Wachlarz rzęs w wersji instant – recenzja kultowej maskary Lash Idôle od Lancôme

Fot. Imaxtree/ Agencja Free

Były obłędne – hipnotyzująco długie i gęste, zakrywające oczy całym swoim wachlarzem wraz z każdym przymknięciem powiek. Naoglądawszy się ich na czarno-białym ekranie, trudno nie zapałać do nich miłością i pożądaniem. Sęk w tym, że nad rzęsami Audrey Hepburn zawsze czuwała ręka Alberto de Rossi. A co nam pozostaje? Wiara w jakość dobrze wybranej maskary? I jeśli tak, to czy kultowy tusz do rzęs Lancôme Lash Idôle może być naszą odpowiedzią?

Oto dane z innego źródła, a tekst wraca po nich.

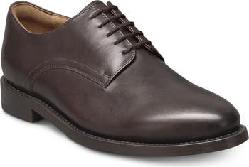 Vegetable-tanned leather and a minimalist plain-toe design highlight the impeccable craftsmanship of this hand-treated leather derby featuring Goodyear welt construction for durability and stability.
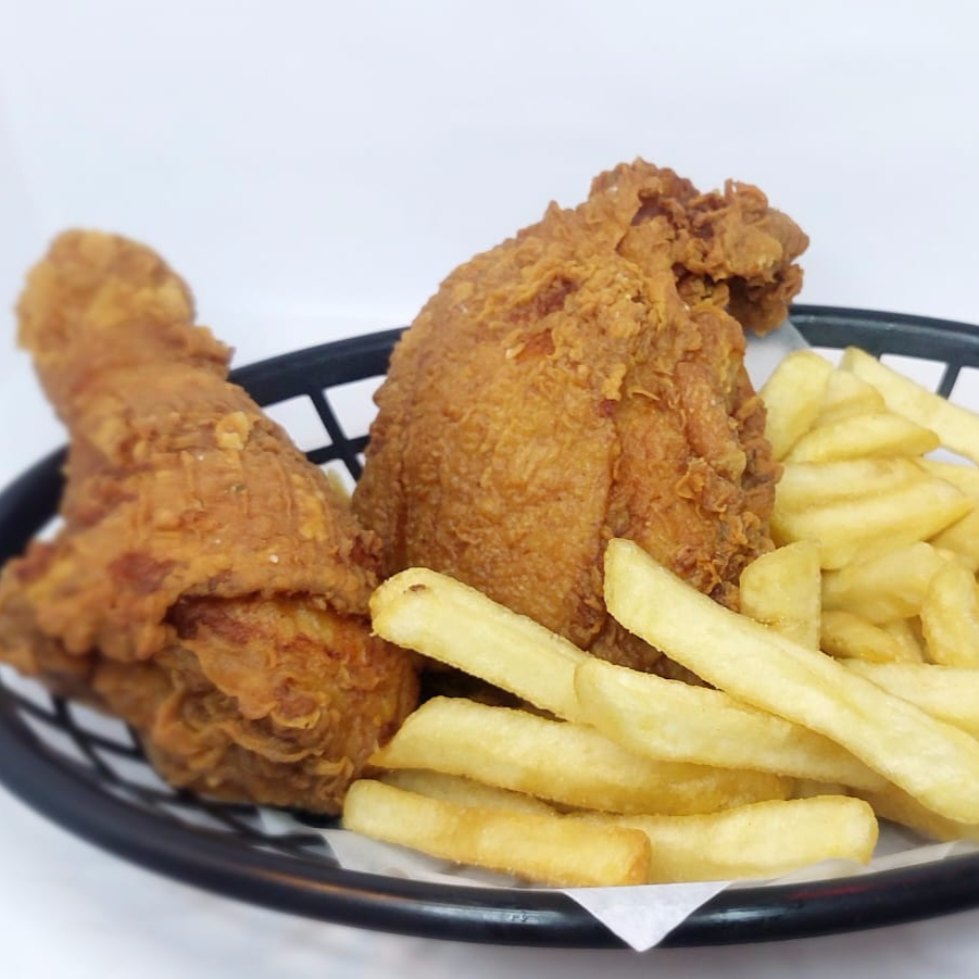 2 Presas de pollo apanadas acompañadas de papa a la francesa
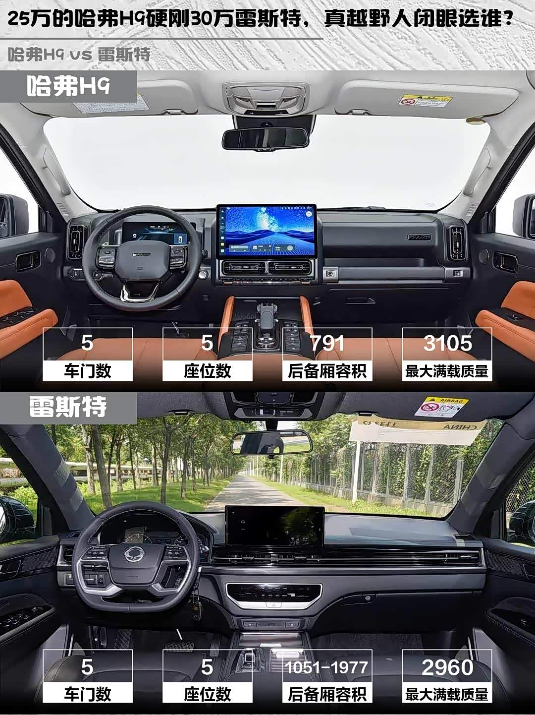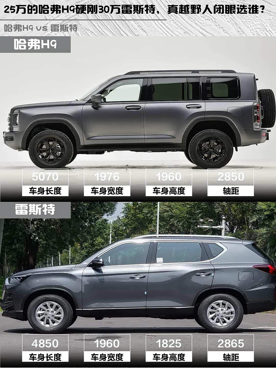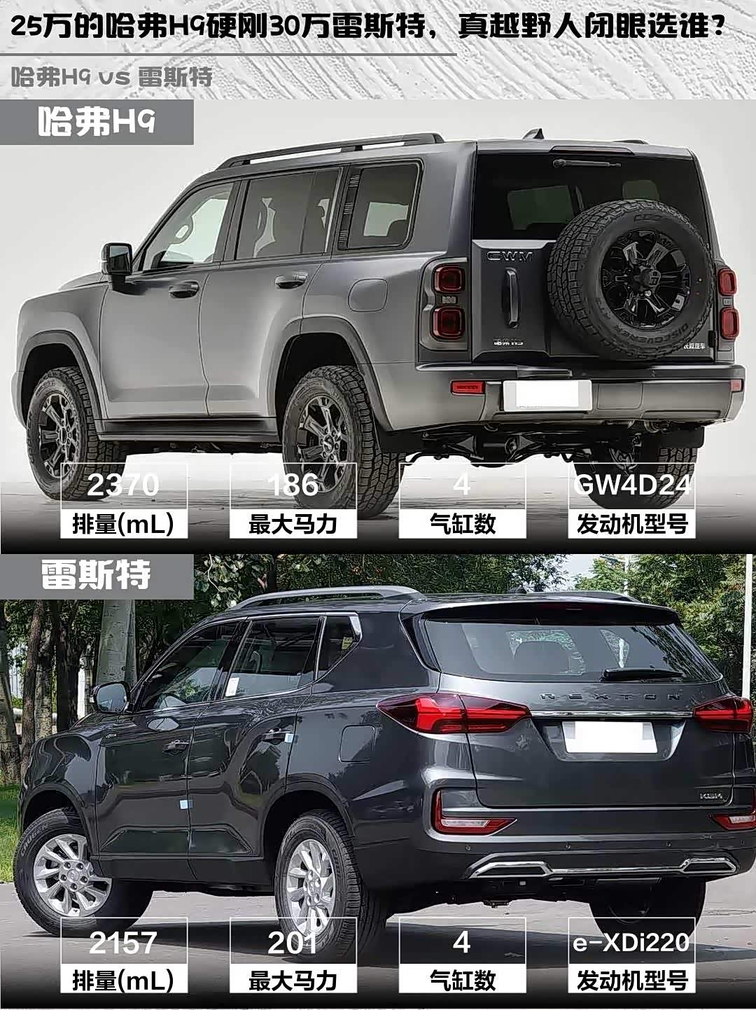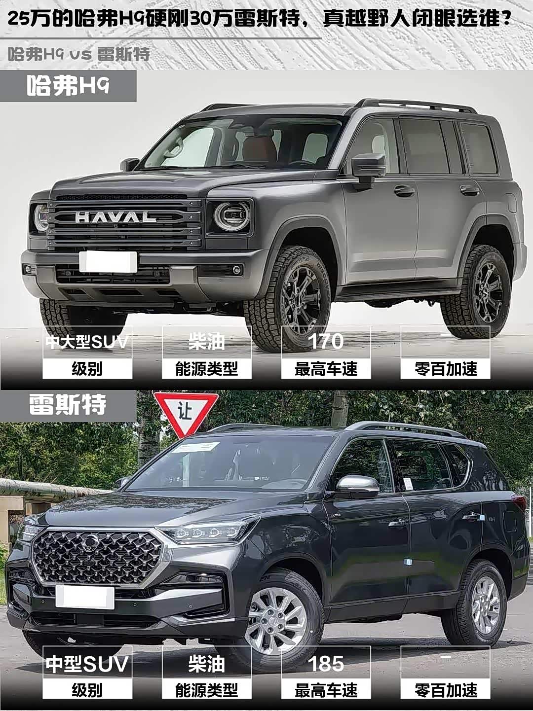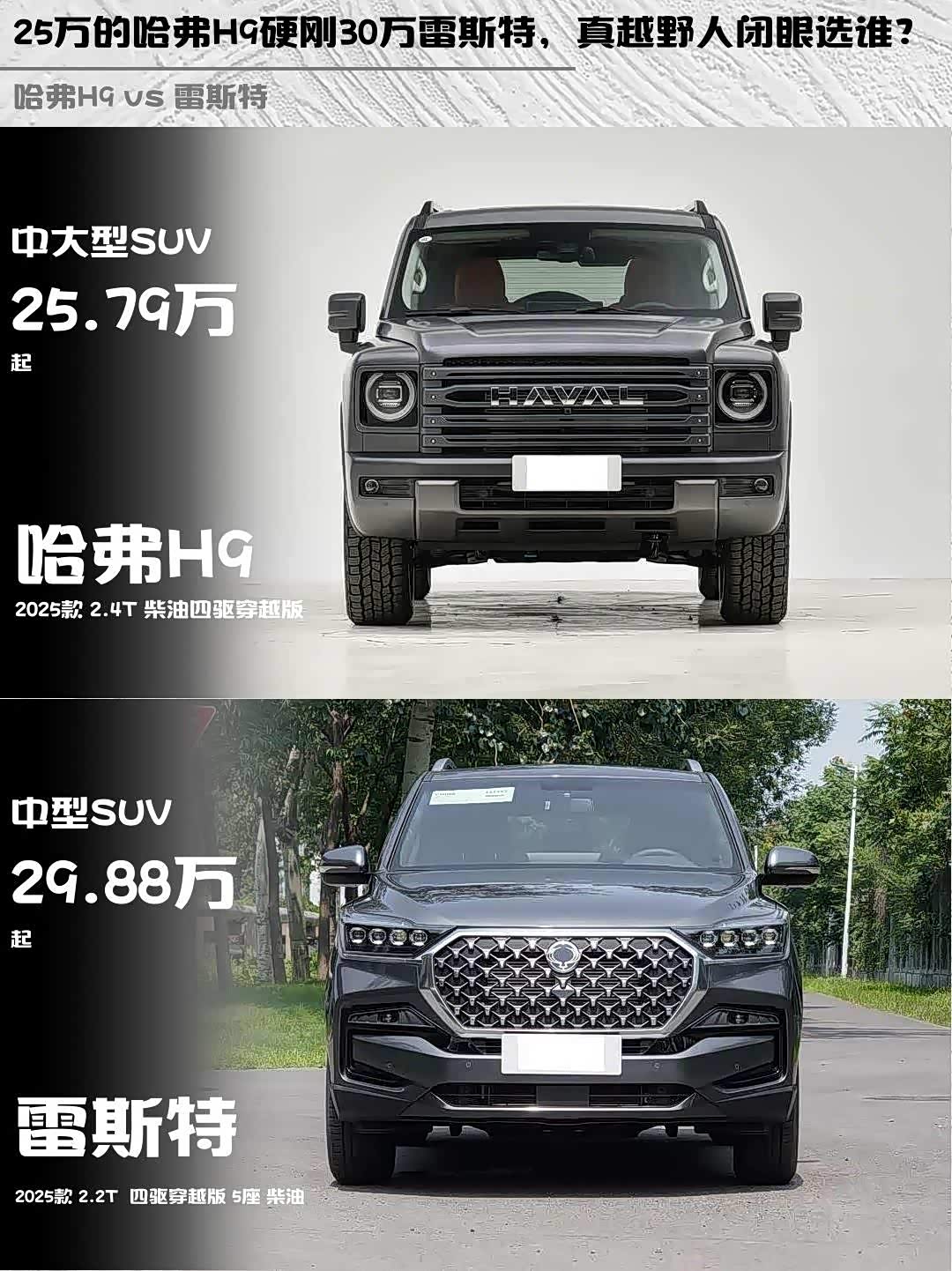 最近在选硬派越野车的小伙伴看过来!今天深度对比两款柴油四驱狠货—— 哈弗H9(参数|询价) 2025款 2.4T柴油四驱穿越版 vs 雷斯特2025款 2.2T四驱穿越版,实测干货直接上菜!🔥

To hipnotyzyjąco głębokie spojrzenie spod wachlarza gęstych, szeroko rozstawionych rzęs było efektem, jaki Alberto de Rossi uzyskiwał dzięki… rozdzielaniu ich pinezką przed nałożeniem mascary! Dodajmy, że przeciętne oko dorosłej osoby ma 100-150 rzęs na górnej powiece i 50-75 na dolnej; u niewprawionej osoby taka technika mogłaby się skończyć tragicznie. Nie róbcie tego w domu!

Co jednak zrobić, aby uzyskać podobny efekt, podkreślić trwale spojrzenie i nadać mu elegancką, gęstą oprawę? Klucz to wybrać dobrą maskarę. Opis Lancôme Lash Idôle sugeruje, że to właśnie taki tusz: lekki, podkręcający i podkreślający rzęsy, a przy tym zapewniający im naturalny wygląd. Sprawdziliśmy więc, czy rzeczywiście tak jest!

Tusz do rzęs Lash Idôle, Lancôme, 154 zł

KUP

Ada Grabowska: Tusz do rzęs Lancôme Lash Idôle znam od dawna, używam od dawna i absolutnie nie wyobrażam sobie bez niej pracy. Nie zliczę ile opakowań zużyłam. Pięknie podkręca i pogrubia rzęsy, a dzięki silikonowej szczoteczce precyzyjnie je rozdziela. Nie kruszy się i nie rozmazuje, a wiem, że dla wielu kobiet te dwie rzeczy to zmora. Szczoteczka jest wyprofilowana w kształt łuku oraz posiada włosie różnej długości. Ułatwia to pomalowanie rzęs od samej nasady i dokładne pokrycie ich tuszem po całej długości. Dodatkowym plusem jest łatwość, z jaką tusz schodzi podczas wieczornego demakijażu. Delikatna skóra wokół oczu nie lubi nadmiernego pocierania jej i tu zdecydowanie tego unikamy. Dla uzyskania jeszcze bardziej spektakularnego efektu, polecam przed użyciem maskary użyć zalotki.  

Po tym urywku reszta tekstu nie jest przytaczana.